#### SUPPLIED RECORDS
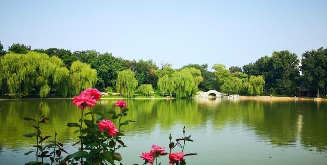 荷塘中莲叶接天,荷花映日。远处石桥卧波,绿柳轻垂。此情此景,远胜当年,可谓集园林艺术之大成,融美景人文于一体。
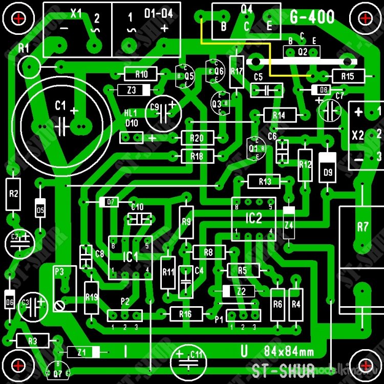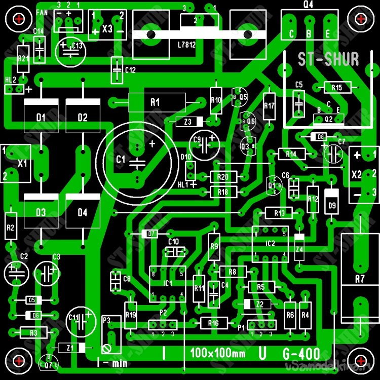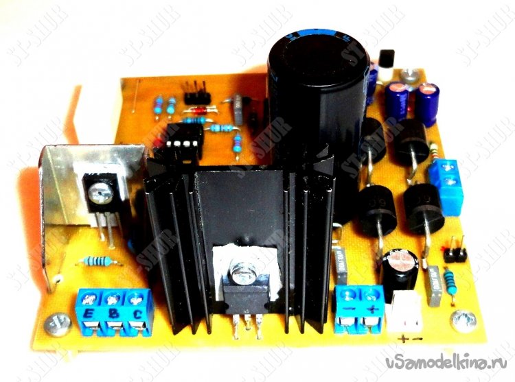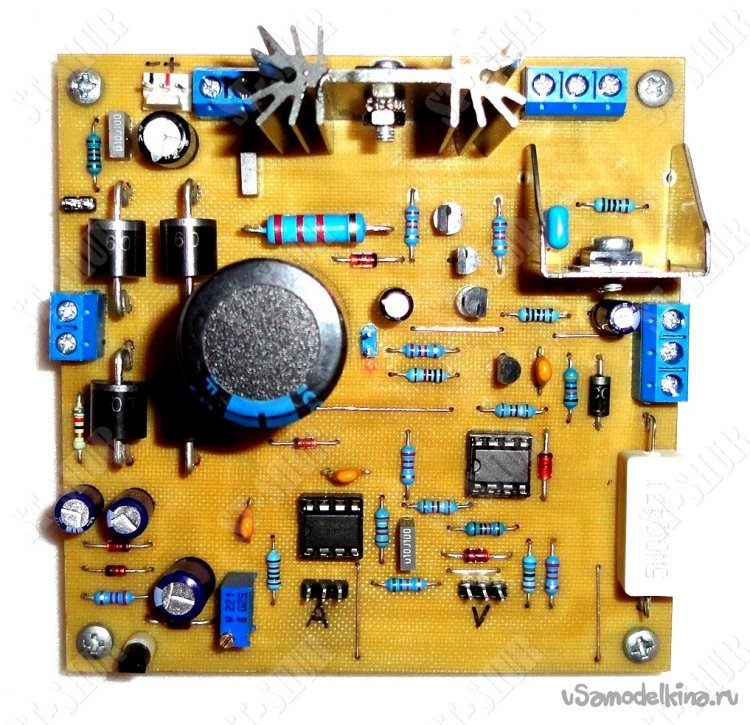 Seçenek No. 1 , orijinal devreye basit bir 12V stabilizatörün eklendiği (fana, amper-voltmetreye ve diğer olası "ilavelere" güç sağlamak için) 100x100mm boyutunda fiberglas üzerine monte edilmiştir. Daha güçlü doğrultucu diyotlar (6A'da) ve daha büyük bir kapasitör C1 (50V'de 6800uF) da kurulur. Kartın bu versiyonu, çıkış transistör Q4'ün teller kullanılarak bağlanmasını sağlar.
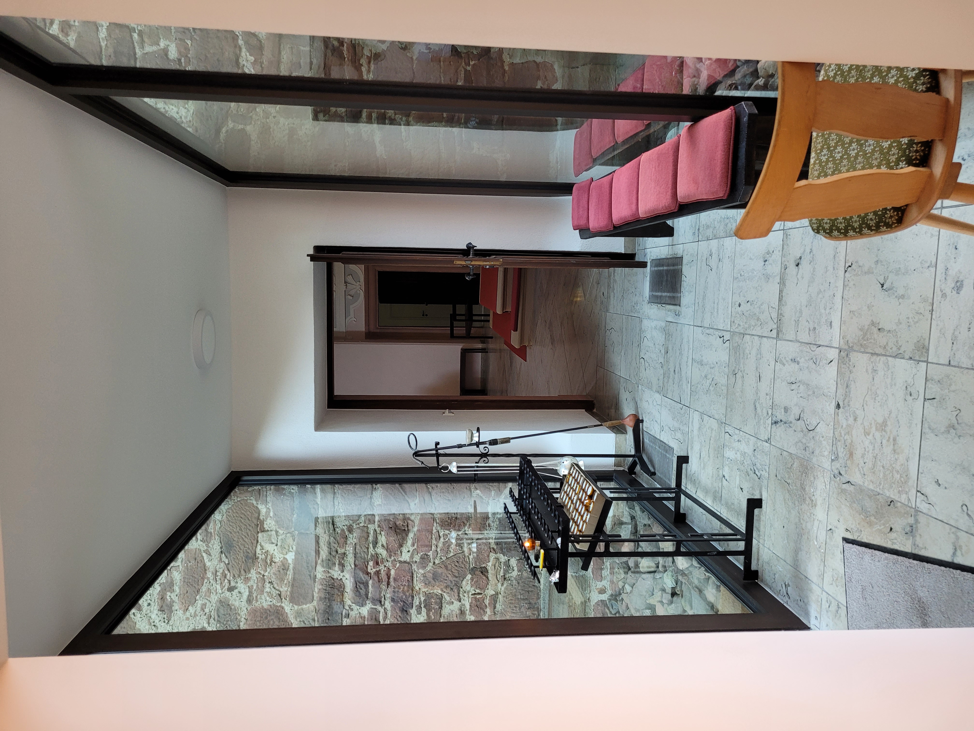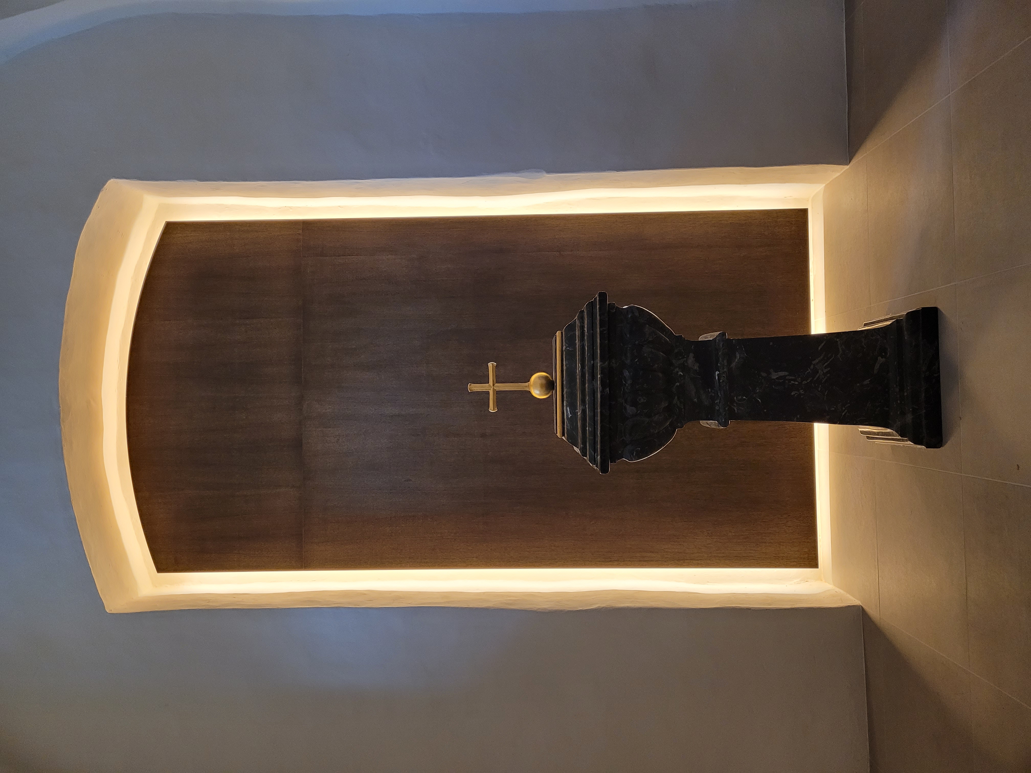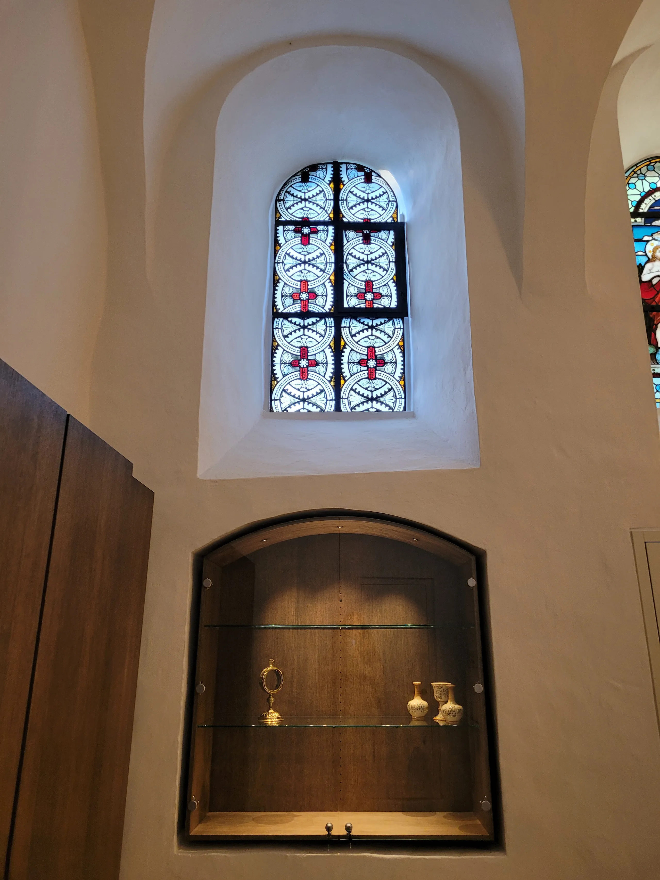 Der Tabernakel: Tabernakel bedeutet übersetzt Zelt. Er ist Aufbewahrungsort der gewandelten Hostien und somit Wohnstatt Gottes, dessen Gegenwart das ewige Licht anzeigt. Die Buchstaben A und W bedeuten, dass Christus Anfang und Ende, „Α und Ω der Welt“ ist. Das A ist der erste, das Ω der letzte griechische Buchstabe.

* * *

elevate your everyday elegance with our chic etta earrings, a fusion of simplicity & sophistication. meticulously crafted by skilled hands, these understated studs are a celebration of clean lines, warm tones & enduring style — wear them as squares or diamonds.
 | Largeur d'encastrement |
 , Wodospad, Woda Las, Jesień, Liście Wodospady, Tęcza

#### ACTIVITY
In the entries above, find the line with "Largeur d'encastrement |" and the line with "Liście Wodospady, Tęcza", then restate word for word both of them and every line between, with nothing more.

#### WRITTEN RESPONSE
 | Largeur d'encastrement |
 , Wodospad, Woda Las, Jesień, Liście Wodospady, Tęcza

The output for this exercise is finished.